In this section we will focus on working with raster data in R. We will primarily rely on the raster package since it is currently the dominant method for handling and analyzing raster data. Similar to the last module, we will visualize the results using tmap. In the first code block, I am calling in the required packages.

In this section, we will work with data from West Virginia. Here is a brief description of the data.

  • elev: 30 m resolution digital elevation model (DEM) in meters from the National Elevation Dataset (NED)
  • slp: slope in degrees derived from the elevation raster grid
  • lc: 30 m resolution categorical land cover grid from the 2011 National Land Cover Database (NLCD)
  • airports: airports in West Virginia
  • pnts: random points
  • ws: watershed boundaries for subset of the state
  • str: man-made structures mapped as points for portion of the state

All raster grids are being read using the raster() function from the raster package, as they are all single-band rasters. The vector data are being read using st_read() from the sf package. All raster data are in TIFF format while all vector data are stored as shapefiles. I also map the DEM to check that it has loaded correctly.
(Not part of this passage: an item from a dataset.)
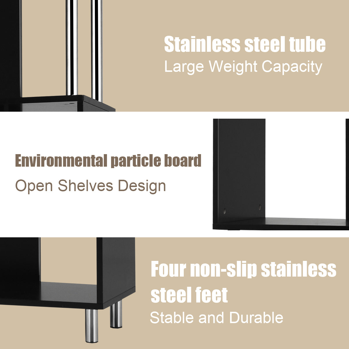 Stable Metal Frame: With the steel frame on the side and the non-slip support feet, the bookshelf is extremely stable. The surface of the steel tubes is galvanized for excellent wear resistance and rust resistance.

I recommend reviewing your data prior to any analyses.

Crop, Merge, and Mask

A common preprocessing task is to extract out a spatial subset of a raster grid. In R, this can be accomplished using a variety of methods from the raster package. In the first code block below I am defining a rectangular extent by providing the xmin, xmax, ymin, and ymax values relative to the projection of the data (NAD 83 UTM Zone 17N) using the extent() function from the raster package.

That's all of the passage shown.